- The paper introduces a novel benchmark that quantifies LLM steerability through tailored prompting strategies using defined persona dimensions.
- It employs a persona dataset with over 133 dimensions and Wasserstein-based metrics to systematically measure changes in model behavior.
- Empirical results reveal that larger models exhibit higher steerability but also intrinsic biases that limit their adaptability across diverse personas.
Evaluating the Prompt Steerability of LLMs
The paper "Evaluating the Prompt Steerability of LLMs" (2411.12405) introduces a novel approach to measure the steerability of LLMs through prompting techniques. It proposes a benchmark based on the prompt steerability concept, aimed at assessing how well various AI systems can reflect different personas by using a series of steering examples included within the system prompt.
Introduction to Prompt Steerability
The paper begins by defining prompt steerability in the context of LLMs. This involves altering a model's baseline behavior by introducing specific prompts designed to influence its output towards particular persona dimensions. The authors formalize prompt steerability by examining how a model's joint behavioral profile is affected by various steering strategies.
Figure 1: Models are steered along each dimension (e.g., conscientiousness as shown above) by including k steering examples for the direction of interest in the model's system prompt.
This formal approach allows for systematic quantification using metrics termed steerability indices, which measure the effectiveness of steering efforts across different dimensions.
Benchmark Design and Methodology
The benchmark leverages the persona dataset from Anthropics, consisting of 133 dimensions covering personality traits, political and ethical views, religious stances, and more. Each dimension contains a series of statements, segmented by positive and negative valence.
Figure 2: The 32 persona dimensions we study in our persona steerability benchmark. The listed dimensions are the subset of the (133) dimensions from the anthropic-evals dataset that contain at least 300 examples (in each direction) with at least 0.85 label confidence. Dimensions are categorized into various categories.
These statements serve both as steering examples within the system prompt and as scoring statements to evaluate model outputs in response to questions that ask whether the model aligns with a specific persona.
The authors define steerability indices (γi,k+​ and γi,k−​) to evaluate prompt steerability by measuring the Wasserstein distance between base and steered profiles, representing how much a model's behavior can be altered by prompt modifications.
Empirical Results
The paper presents steerability curves for various LLMs, showcasing the degree to which models can be influenced by increasing the number of steering examples. These results highlight a noticeable variability in steerability across different dimensions and directions.
Steerability is not always symmetric; some personas are more easily influenced in a positive direction, while others can be shifted negatively with greater ease. Notably, larger models exhibit higher steerability, plateauing quickly, suggesting enhanced internal representations that facilitate learning from fewer steering examples.

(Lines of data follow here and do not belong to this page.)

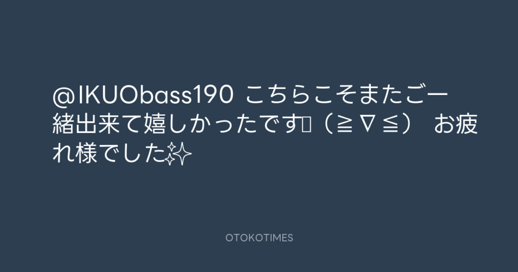 @IKUObass190 こちらこそまたご一緒出来て嬉しかったです♪(≧∇≦) お疲れ様でした✨ -
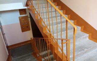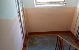 Мы привели в порядок пятнистые стены, потолки с разводами и освежили цвет перил и ящиков.
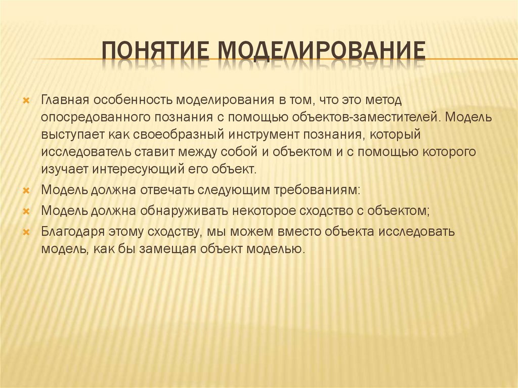 ПОНЯТИЕ МОДЕЛИРОВАНИЕГлавная особенность моделирования в том, что это метод
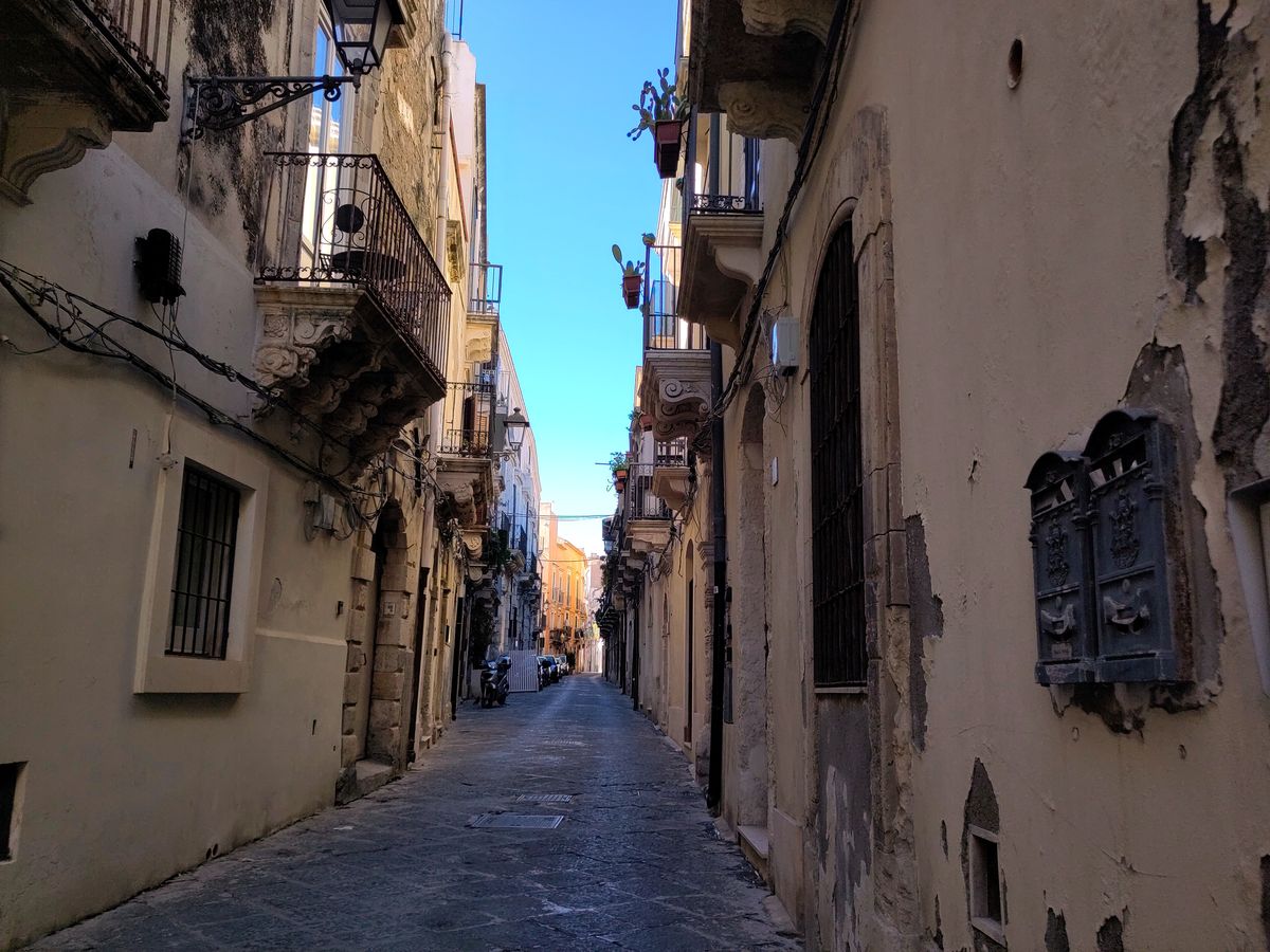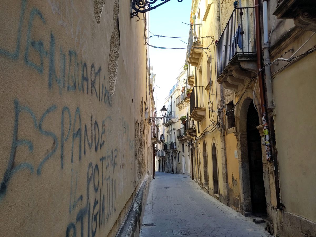 A narrow galley kitchen featuring sage green cabinets and drawers along the right wall, with warm beige tile flooring and backsplash. A vintage-style stove sits on the left, while the right side includes a stainless steel sink and upper cabinets with glass fronts displaying cookware. A simple wooden chair sits at a small desk area beneath a window at the far end. A spherical pendant light hangs from the ceiling, and a doorway on the left leads to another room. The space has a mid-century modern aesthetic with its muted color palette and clean lines
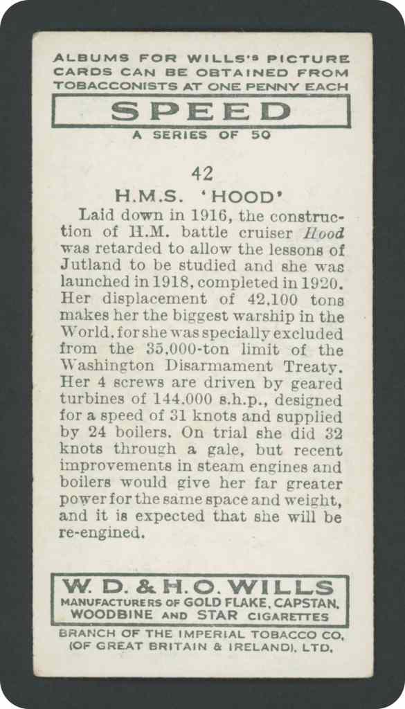 Laid down in 1916, the construc tion of H.M. battle cruiser Hood was retarded to allow the lessons of Jutland to be studied and she was launched in 1918, completed in 1920. Her displacement of 42,100 tons makes her the biggest warship in the World, for she was specially excluded from the 35,000-ton limit of the Washington Disarmament Treaty. Her 4 screws are driven by geared turbines of 144.000 s.h.p., , designed for a speed of 31 knots and supplied by 24 boilers. On trial she did 32 knots through a gale, but recent improvements in steam engines and boilers would give her far greater power for the same space and weight, and it is expected that she will be re-engined.

Figure 3: Steerability curves for llama-3-8b-instruct.























Figure 4: Steerability curves for llama-3.1-8b-instruct.
Discussion and Implications
The findings reveal insights into the latent persona biases embedded within LLMs. As indicated by the steerability curves and baseline assessments, many models are pre-disposed towards certain behaviors, limiting their flexibility in adopting diverse personas. This resistance poses challenges for designing truly pluralistic AI systems intended to reflect a broad spectrum of human value systems and cultures.
Furthermore, the authors discuss the implications of these findings for aligning AI systems with various human preferences, emphasizing the importance of understanding inherent biases and promoting controllable generation for AI pluralism.

























Figure 5: Steerability curves for granite-7b-lab.
























Figure 6: Steerability curves for granite-13b-chat-v2.
Conclusion
The paper concludes with a reflection on the benchmark's utility in guiding model development towards enhanced steerability. It acknowledges the inherent limitations in current models and datasets while suggesting further exploration into the mechanics of steerability as an avenue for advancing the design of AI systems capable of embodying diverse personas. Future directions aim at refining the methodology to improve efficiency and explore joint steerability, bridging existing gaps in achieving comprehensive and adaptable AI alignment.
























Figure 7: Steerability curves for phi-3-mini-4k-instruct.























Figure 8: Steerability curves for phi-3-medium-4k-instruct.